By analogy with contemporary living systems, some scientists believe that primitive life emerged as a cell-like organized system while others feel the development of the cell occurred at a subsequent step in the evolutionary process. The cell-like system required, at least, boundary molecules able to isolate the system from the aqueous environment (membrane), catalytic molecules providing the basic chemical work of the cell (enzymes) and information molecules capable to store and to transfer the information needed for reproduction (RNA) .
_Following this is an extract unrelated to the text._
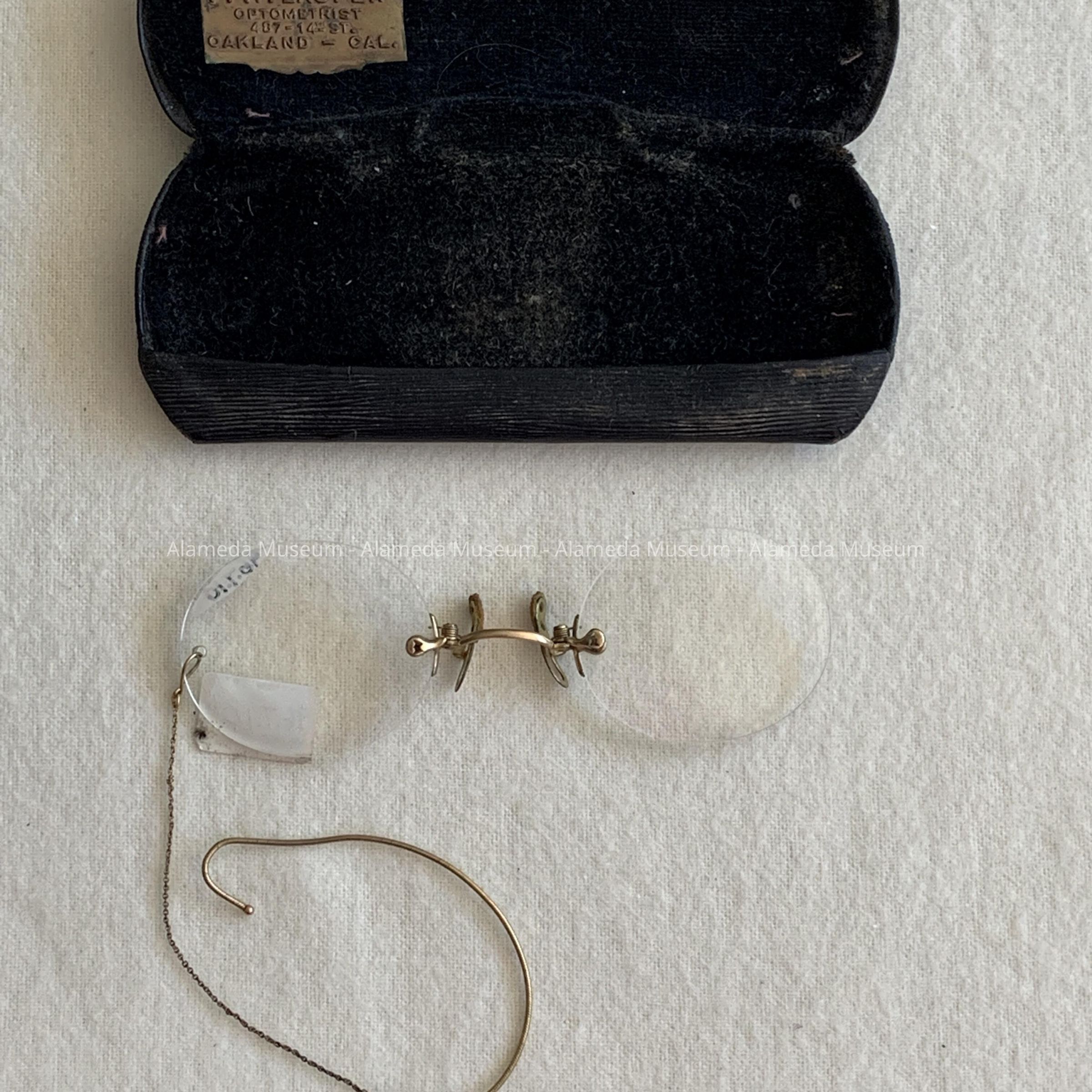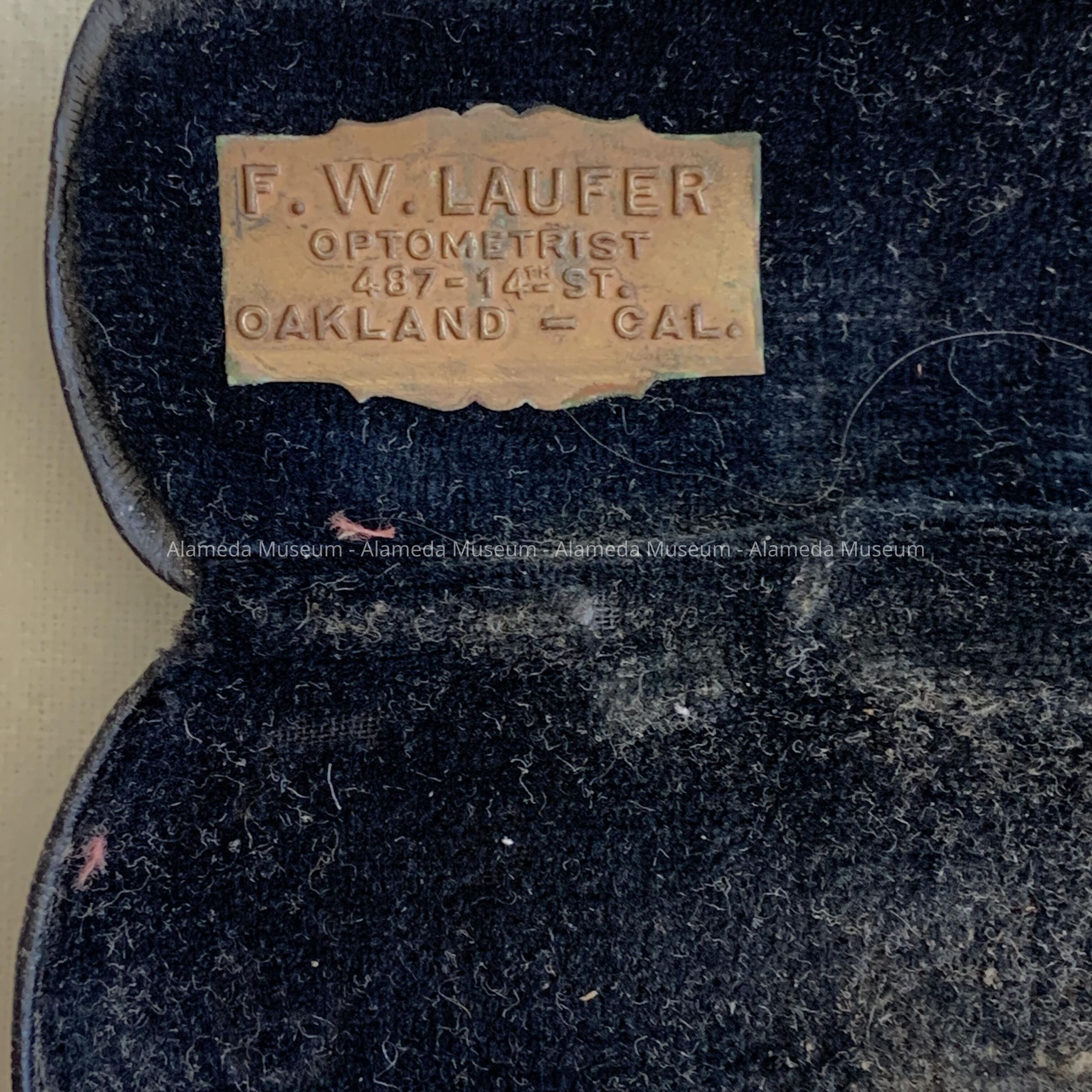 B. OBLONG-SHAPED EYE GLASS CASE. EXTERIOR IMITATION BLACK COLORED LEATHER. INTERIOR LID WITH BLACK VELVET. INTERIOR LID OF CASE HAS A GOLD LABEL STATING, "F. O. LAUFER, OPTOMETRIST, OAKLAND, CALIFORNIA.".

Primitive membranes could initially have also been formed by simple terpenoids. Chemical agents, such as carbodiimides, are able to condense amino acids into peptides in water. Minerals have been used to enhance these reactions by binding the amino acids to their surfaces. Chemical reactions capable of selectively condensing the protein amino acids at the expenses of the non-protein ones have been described. When hydrophobic and hydrophilic amino acids alternate in a polypeptide chain, stereoselective and thermostable b-sheet structures are formed. Short peptides have been shown to exhibit catalytic properties.
 

Efficient clay-catalysed condensation of nucleotides into oligonucleotides has been achieved. Non-enzymatic replication of a preformed pyrimidine-rich oligonucleotide active as a template has been demonstrated. It is not generally agreed that ribonucleotides formed spontaneously on the primitive Earth. RNA-analogs containing much simpler structural units but capable of evolving to RNA are also being investigated.

A family of RNAs were shown to be able to act simultaneously as informative and catalytic molecules (ribozymes) and have been promoted as the first living systems on Earth (the RNA world). Strong evidence for this proposal has been obtained from the discovery that protein synthesis in the ribosome is catalyzed by RNA.

An alternative theory of the origins of life is the initiation of the formation of high concentrations of organics by autocatalytic processes which generated the informational molecules essential for life to begin. Minerals and metal ions may have had an important role in the processes.